Obstetric fistula is a devastating, disabling condition that often disproportionately affects the poorest women. The condition remains the least-supported cause of maternal morbidity, though it has drastic effects on women, families, and societies.

In Mali, fertility rates are high and use of modern contraceptive methods is low. These conditions combined with a prevalence of early marriage and low rates of facility-based births put up to 2,400 women at high risk for obstetric fistula each year.

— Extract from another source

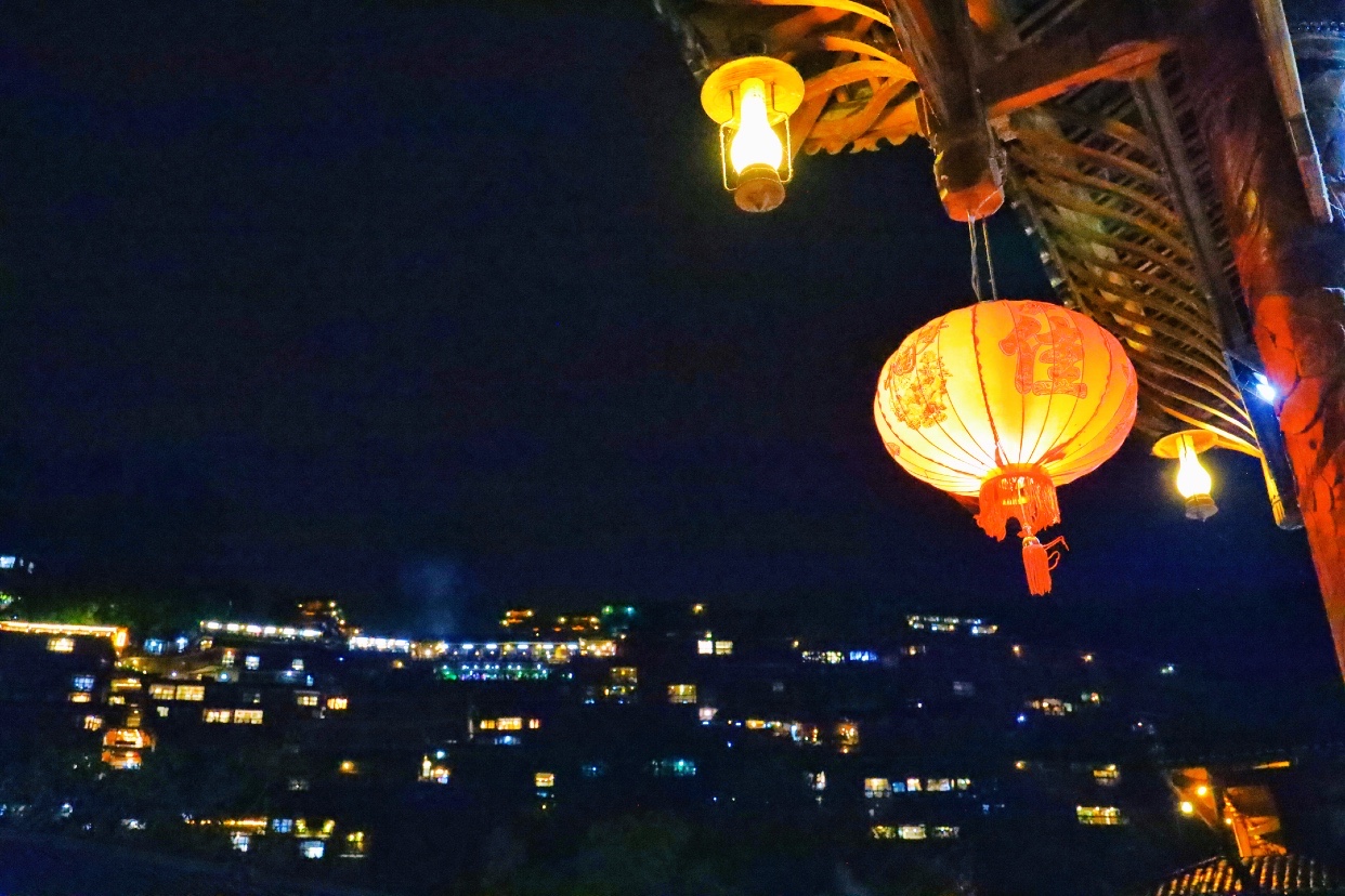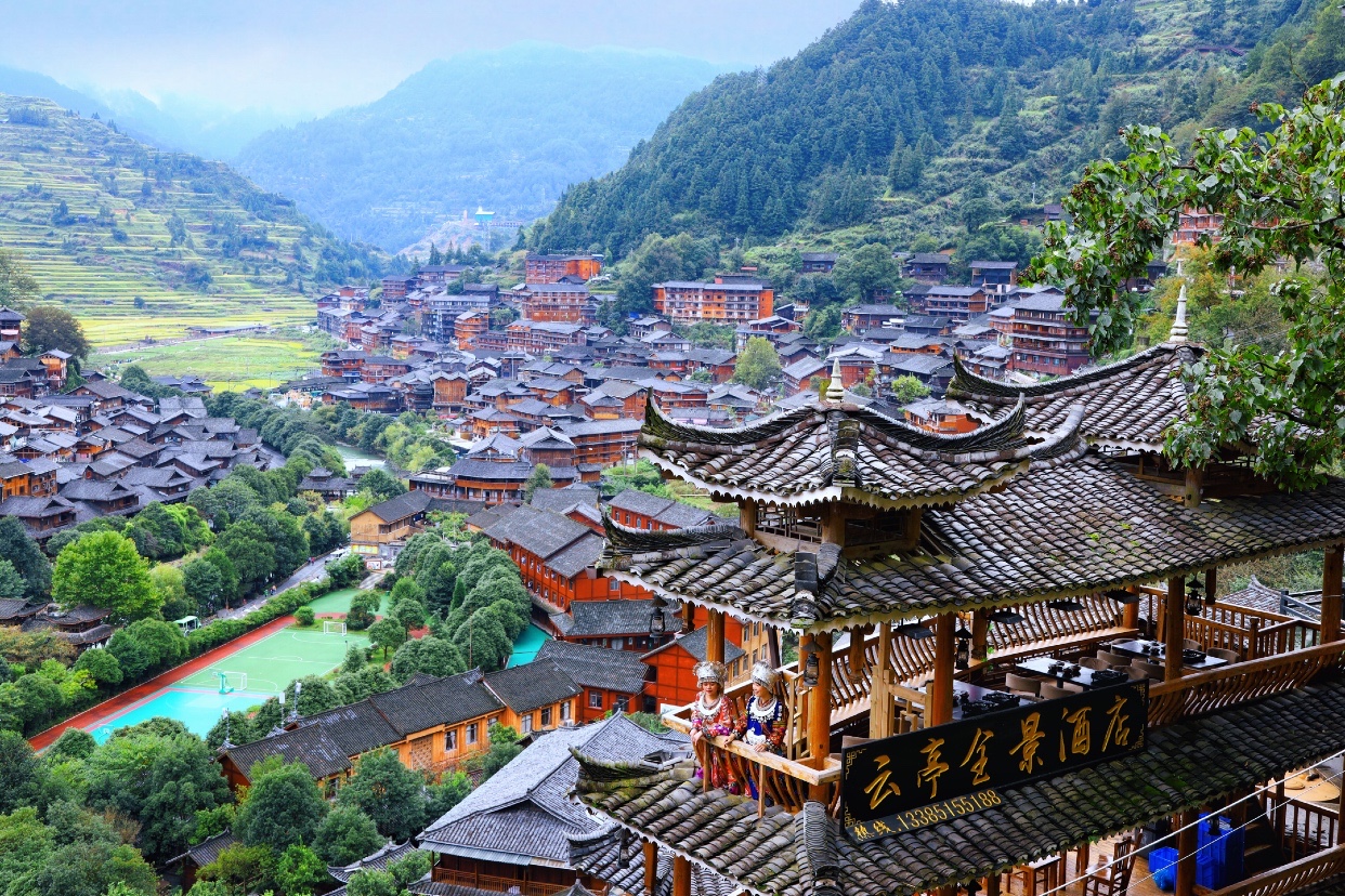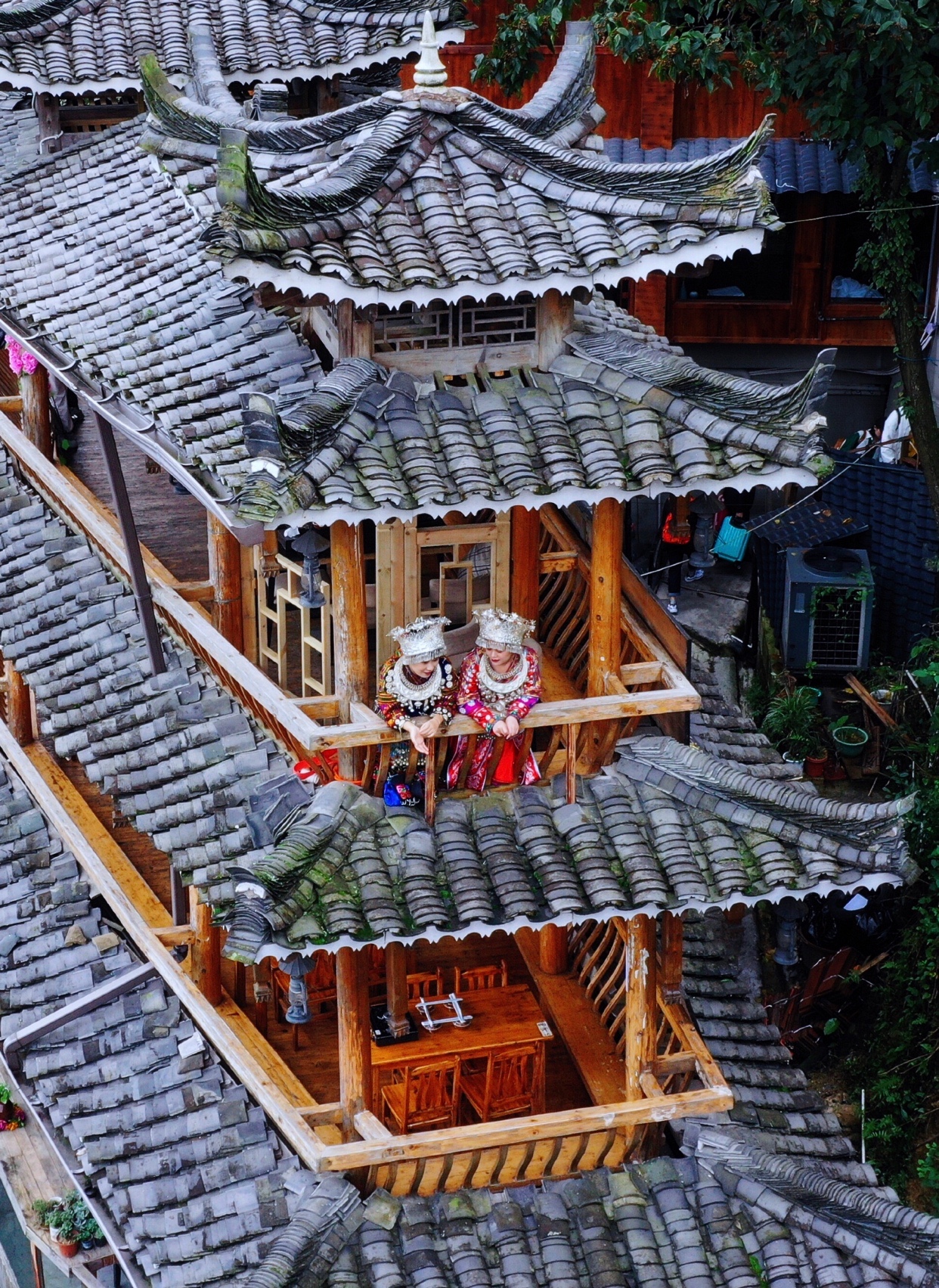 山顶的观景台人太多,我们避开人群往山下走,在半山腰找到家酒店,这里风景绝佳,能眺望整个苗寨,我们拍了很多美照。

Women living with untreated fistula are often shamed, isolated from their communities, and left to live in poverty. Fistula can be treated and often cured, but many women don’t know this—and fistula services and treatment are difficult to come by in Mali, especially for complex cases.

That’s why IntraHealth has worked to make fistula repair services available at more health facilities staffed with trained health workers empowered to diagnose, treat, and prevent the condition effectively.

“This is a sickness that is accompanied by a lot of suffering, but I was able to be healed. You shouldn’t let it keep you from living your life and doing your usual activities. Be patient. One day you can be healed.” -Awa D

Meanwhile, efforts to increase community knowledge around the condition reduced stigma related to fistula.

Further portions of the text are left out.